For it is important that awake people be awake,
or a breaking line may discourage them back to sleep;
the signals we give—yes or no, or maybe—
should be clear: the darkness around us is deep

– William Stafford, “A Ritual To Read to Each Other”

Recently I had a breakthrough in a longstanding conflict with a close friend. The situation had been eating me up; we were both walking through it on eggshells, trying not to spur any further conflict, and we were not too successful. The issue at stake is unimportant. What it came down to was, she had a rich inner life and a deep sense of spirituality that we had never spoken about. Perhaps I had always sensed that it was there. Something, certainly, drew us together to begin with. But each of us, having learned through bitter experience that trying to put words to anything outside of ordinary, consensual reality is a very risky venture, spoke to the other in the language of the surface of the world. We were logical, intellectual, caring and problem-solving. We listened actively. We spoke safely. We translated for each other.

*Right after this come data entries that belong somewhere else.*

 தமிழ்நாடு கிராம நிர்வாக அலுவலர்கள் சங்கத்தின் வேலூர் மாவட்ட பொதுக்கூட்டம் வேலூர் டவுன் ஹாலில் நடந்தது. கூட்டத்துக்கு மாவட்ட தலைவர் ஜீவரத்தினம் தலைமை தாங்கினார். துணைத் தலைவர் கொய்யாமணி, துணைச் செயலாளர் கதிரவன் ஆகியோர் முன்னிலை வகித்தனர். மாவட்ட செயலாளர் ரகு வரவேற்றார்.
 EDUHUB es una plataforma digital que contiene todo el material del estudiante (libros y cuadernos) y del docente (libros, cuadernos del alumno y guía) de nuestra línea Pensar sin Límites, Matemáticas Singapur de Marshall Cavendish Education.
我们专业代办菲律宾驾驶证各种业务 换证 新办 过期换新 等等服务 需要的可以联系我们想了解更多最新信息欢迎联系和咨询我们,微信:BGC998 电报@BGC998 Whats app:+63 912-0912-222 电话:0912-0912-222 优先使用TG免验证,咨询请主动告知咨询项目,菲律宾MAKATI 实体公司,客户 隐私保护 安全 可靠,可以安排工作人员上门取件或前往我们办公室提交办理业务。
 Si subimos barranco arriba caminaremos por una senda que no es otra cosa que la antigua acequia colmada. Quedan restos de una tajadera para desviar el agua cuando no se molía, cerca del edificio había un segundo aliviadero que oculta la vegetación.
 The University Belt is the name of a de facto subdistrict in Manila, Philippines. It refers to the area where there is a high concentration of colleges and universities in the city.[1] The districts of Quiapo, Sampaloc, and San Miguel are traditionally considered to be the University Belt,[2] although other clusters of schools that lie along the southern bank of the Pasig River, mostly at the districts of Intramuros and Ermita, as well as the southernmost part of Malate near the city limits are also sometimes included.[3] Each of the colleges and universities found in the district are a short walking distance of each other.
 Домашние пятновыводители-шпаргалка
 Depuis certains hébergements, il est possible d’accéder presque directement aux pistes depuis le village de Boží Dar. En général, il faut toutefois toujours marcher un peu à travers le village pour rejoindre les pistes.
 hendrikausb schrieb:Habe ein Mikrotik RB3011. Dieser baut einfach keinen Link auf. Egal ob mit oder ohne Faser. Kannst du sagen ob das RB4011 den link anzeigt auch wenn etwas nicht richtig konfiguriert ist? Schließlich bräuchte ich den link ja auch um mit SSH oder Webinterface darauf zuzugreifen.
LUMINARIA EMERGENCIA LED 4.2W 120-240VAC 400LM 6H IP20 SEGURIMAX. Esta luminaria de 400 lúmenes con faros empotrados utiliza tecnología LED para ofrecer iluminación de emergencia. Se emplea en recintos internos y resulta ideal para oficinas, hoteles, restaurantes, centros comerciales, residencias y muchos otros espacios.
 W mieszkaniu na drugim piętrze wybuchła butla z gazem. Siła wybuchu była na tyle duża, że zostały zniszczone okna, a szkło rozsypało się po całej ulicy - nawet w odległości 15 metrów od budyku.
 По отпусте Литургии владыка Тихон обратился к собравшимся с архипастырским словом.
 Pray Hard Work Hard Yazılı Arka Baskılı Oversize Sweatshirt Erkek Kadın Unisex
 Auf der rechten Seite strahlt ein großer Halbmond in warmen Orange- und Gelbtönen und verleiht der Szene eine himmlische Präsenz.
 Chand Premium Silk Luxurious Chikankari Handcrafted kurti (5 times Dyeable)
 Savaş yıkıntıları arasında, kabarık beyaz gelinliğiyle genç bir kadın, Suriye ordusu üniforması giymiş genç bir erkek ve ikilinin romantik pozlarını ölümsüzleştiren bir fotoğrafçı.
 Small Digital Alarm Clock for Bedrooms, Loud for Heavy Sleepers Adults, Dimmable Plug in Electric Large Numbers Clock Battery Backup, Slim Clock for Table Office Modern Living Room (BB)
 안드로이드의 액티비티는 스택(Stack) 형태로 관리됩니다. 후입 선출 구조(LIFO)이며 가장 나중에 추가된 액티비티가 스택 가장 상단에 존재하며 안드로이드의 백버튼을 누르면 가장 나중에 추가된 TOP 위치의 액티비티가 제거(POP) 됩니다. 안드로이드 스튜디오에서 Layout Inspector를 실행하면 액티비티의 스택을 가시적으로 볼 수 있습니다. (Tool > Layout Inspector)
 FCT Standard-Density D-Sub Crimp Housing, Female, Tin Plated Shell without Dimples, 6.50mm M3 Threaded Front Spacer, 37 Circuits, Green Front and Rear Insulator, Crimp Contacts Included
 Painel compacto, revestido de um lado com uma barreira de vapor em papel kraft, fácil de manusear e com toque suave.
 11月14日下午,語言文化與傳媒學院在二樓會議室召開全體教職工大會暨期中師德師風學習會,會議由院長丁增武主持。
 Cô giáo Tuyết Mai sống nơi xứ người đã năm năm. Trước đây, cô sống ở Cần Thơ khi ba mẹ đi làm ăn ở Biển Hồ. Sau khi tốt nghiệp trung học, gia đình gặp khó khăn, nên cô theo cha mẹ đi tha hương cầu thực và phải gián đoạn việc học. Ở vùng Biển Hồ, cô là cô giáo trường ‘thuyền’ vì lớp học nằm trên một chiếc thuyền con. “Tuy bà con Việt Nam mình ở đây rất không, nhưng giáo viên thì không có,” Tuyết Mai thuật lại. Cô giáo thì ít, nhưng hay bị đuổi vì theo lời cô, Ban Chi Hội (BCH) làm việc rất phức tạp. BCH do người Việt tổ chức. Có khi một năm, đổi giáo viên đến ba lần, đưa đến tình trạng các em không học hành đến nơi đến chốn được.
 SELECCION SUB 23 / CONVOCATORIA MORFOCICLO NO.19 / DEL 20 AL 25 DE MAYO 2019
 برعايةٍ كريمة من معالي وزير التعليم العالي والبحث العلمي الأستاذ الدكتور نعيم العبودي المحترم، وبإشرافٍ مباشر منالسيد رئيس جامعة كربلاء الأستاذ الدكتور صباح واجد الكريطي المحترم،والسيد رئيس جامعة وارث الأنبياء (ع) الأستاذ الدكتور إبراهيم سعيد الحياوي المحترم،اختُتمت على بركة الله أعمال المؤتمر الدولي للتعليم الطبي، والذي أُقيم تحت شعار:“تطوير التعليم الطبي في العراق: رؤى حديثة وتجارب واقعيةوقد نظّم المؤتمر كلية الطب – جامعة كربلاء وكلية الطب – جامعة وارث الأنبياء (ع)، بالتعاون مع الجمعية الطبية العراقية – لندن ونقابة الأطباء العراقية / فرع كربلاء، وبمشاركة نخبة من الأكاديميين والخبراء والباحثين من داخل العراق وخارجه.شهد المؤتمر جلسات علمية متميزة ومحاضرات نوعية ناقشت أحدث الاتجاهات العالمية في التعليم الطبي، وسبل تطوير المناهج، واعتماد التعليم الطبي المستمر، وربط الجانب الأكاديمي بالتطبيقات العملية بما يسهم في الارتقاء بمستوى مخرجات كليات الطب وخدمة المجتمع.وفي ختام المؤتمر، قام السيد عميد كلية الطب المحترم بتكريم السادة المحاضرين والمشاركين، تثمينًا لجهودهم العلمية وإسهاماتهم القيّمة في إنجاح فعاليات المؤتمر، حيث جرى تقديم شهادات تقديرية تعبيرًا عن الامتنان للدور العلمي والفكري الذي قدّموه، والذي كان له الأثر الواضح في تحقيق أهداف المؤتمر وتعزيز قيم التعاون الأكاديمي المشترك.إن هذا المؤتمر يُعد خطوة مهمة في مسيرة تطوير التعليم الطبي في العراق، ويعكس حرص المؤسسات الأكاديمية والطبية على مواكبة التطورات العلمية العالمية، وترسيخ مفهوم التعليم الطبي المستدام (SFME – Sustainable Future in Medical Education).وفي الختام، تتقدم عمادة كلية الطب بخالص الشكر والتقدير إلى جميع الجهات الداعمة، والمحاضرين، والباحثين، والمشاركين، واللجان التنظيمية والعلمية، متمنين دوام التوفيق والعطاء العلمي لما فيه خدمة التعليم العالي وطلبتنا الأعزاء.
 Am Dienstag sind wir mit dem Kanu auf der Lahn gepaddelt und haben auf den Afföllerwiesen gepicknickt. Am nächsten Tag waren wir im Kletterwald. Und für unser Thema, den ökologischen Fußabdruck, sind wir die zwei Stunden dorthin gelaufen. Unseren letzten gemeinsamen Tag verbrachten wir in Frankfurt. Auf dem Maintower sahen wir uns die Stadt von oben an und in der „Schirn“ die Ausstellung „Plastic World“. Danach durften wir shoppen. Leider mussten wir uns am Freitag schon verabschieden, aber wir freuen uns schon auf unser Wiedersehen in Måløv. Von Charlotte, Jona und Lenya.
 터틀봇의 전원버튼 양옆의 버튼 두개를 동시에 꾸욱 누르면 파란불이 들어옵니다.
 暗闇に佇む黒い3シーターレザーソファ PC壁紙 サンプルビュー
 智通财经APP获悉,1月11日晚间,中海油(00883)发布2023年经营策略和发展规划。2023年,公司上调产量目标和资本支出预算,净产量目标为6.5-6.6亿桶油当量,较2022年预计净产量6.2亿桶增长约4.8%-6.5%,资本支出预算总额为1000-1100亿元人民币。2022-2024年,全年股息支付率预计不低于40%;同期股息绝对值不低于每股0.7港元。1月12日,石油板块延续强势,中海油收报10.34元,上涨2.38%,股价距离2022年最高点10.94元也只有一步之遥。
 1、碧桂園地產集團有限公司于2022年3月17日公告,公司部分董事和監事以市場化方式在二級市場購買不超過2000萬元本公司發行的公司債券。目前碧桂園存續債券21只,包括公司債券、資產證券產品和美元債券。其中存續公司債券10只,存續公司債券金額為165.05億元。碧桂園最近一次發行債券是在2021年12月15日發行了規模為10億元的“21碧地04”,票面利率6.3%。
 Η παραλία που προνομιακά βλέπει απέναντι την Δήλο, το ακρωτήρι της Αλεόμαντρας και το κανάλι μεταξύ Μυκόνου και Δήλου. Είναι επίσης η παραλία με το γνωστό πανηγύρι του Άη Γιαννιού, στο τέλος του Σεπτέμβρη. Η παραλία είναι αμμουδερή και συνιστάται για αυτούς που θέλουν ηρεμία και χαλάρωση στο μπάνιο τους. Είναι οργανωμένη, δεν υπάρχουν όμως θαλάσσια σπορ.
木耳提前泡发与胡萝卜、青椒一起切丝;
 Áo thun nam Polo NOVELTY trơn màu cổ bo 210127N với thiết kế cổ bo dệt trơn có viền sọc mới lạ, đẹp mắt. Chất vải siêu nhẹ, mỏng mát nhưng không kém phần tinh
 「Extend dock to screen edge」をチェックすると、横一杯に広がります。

I have always chafed at having to do that translation. I go through a series of negotiations in each new relationship, testing the waters to learn where it is and is not safe to go, pushing the boundaries and hoping the person I’m speaking to will not, as my friend put it, prescribe an antipsychotic and suggest that I should not be allowed to work with children. My insistence on safety is the very reason, as Stafford put it, that “a pattern that others made may prevail in the world.”

But the question remains: How do we engage with people in such a way as to honor the possibility that they do not require such delicate and limiting translations, still protecting ourselves by acknowledging the probability that they do?